Sebi slaps fine of ₹30 lakh on RIL and two of its officers

MUMBAIA : The Securities and Exchange Board of India (Sebi) fined Monday of 30 lakhs on Reliance Industries Ltd (RIL) and its two compliance officers for alleged violations of the Prohibition of Insider Trading (PIT) regulations.

The fine was jointly imposed on RIL and compliance officers —K. Sethuraman and Savithri Parekh.

The matter concerns the alleged lack of fair disclosure of unpublished price sensitive information (UPSI), in the case of Facebook’s 9.99% investment in RIL subsidiary Jio Platforms in April 2020. The deal was worth it. $43,574 million.

A text request sent to a RIL spokesperson was not immediately answered.

According to the regulator, the key issue was a March 24, 2020 news article published in the Financial Times, London, detailing the global tech giant’s impending investment.

Shortly after the news was released, RIL’s stock rose 15%, making it UPSI, the regulator listed in its order.

Usually, in the case of such news articles, the exchanges ask for clarification or the company itself provides clarification.

In this case, neither the exchanges have asked for clarification, nor has RIL itself sought clarification, the regulator held in its command.

“The listed entity may also confirm or deny any reported event or information to the exchange(s) on its own initiative,” Sebi said in his order.

The regulator’s adjudication officer (AO) ruled in her order that UPSI’s fair disclosures rest on two fundamental assumptions.
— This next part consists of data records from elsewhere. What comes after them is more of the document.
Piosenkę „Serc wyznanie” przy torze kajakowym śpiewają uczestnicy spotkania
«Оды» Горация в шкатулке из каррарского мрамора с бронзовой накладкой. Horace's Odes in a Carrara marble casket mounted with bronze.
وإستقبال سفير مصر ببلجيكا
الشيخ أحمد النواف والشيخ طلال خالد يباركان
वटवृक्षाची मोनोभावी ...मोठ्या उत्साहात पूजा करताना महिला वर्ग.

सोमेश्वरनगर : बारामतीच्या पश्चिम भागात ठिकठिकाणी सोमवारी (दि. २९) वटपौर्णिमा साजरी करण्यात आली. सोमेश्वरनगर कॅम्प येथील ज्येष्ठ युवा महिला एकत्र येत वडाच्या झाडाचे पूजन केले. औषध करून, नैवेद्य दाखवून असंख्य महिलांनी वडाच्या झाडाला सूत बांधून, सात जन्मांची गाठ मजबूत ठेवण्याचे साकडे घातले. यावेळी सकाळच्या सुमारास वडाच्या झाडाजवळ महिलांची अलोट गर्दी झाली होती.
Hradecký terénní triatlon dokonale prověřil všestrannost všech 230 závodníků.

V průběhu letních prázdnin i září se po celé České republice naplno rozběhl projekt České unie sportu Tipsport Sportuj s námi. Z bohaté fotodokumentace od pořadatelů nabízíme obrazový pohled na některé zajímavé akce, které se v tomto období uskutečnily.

One is that information that is UPSI must be veiled until it is made public. Second, if information is to be made public, it should be made public and not selective.

“One of the circumstances considered in the law is that if the UPSI is somehow selectively available to someone or made available in bits and pieces, such as rumors or press articles in newspapers, the law provides a mechanism by which the company can clarify the rumor or similar articles in newspapers. This is an important part of the task that the company should be tackling from a rumor verification perspective,” said Barnali Mukherjee, AO, Sebi in her assignment.
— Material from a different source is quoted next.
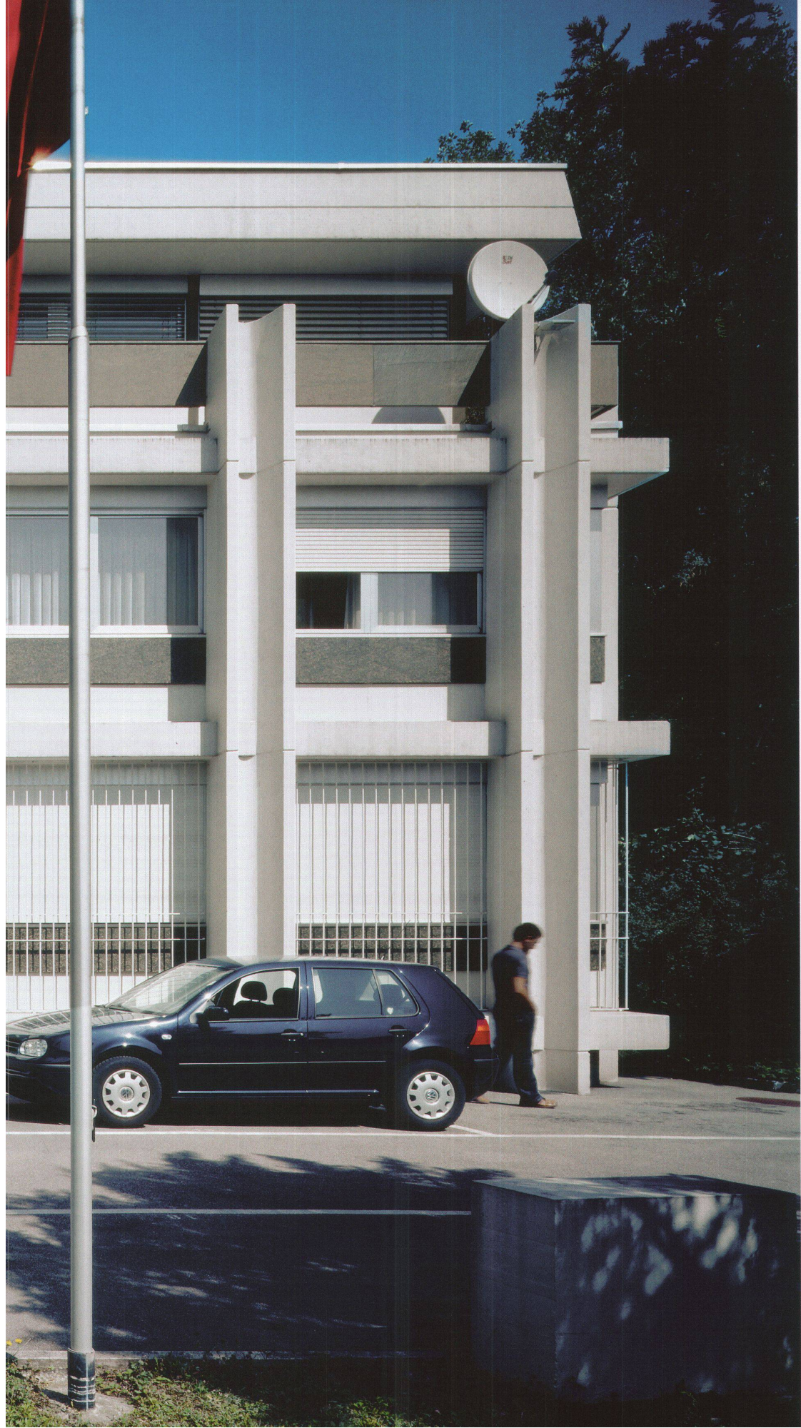
Türkische Botschaft, Bern

RIL, for its part, argued that exchanges did not ask for clarification and thus were not obliged to provide it.

However, Sebi said it is not convinced the company can waive its responsibility to verify a news article that appeared in the paper.

“When the UPSI parts subsequently became selectively available, the company waived its responsibility to verify and clean up the unverified information that was circulating,” Sebi said in the order.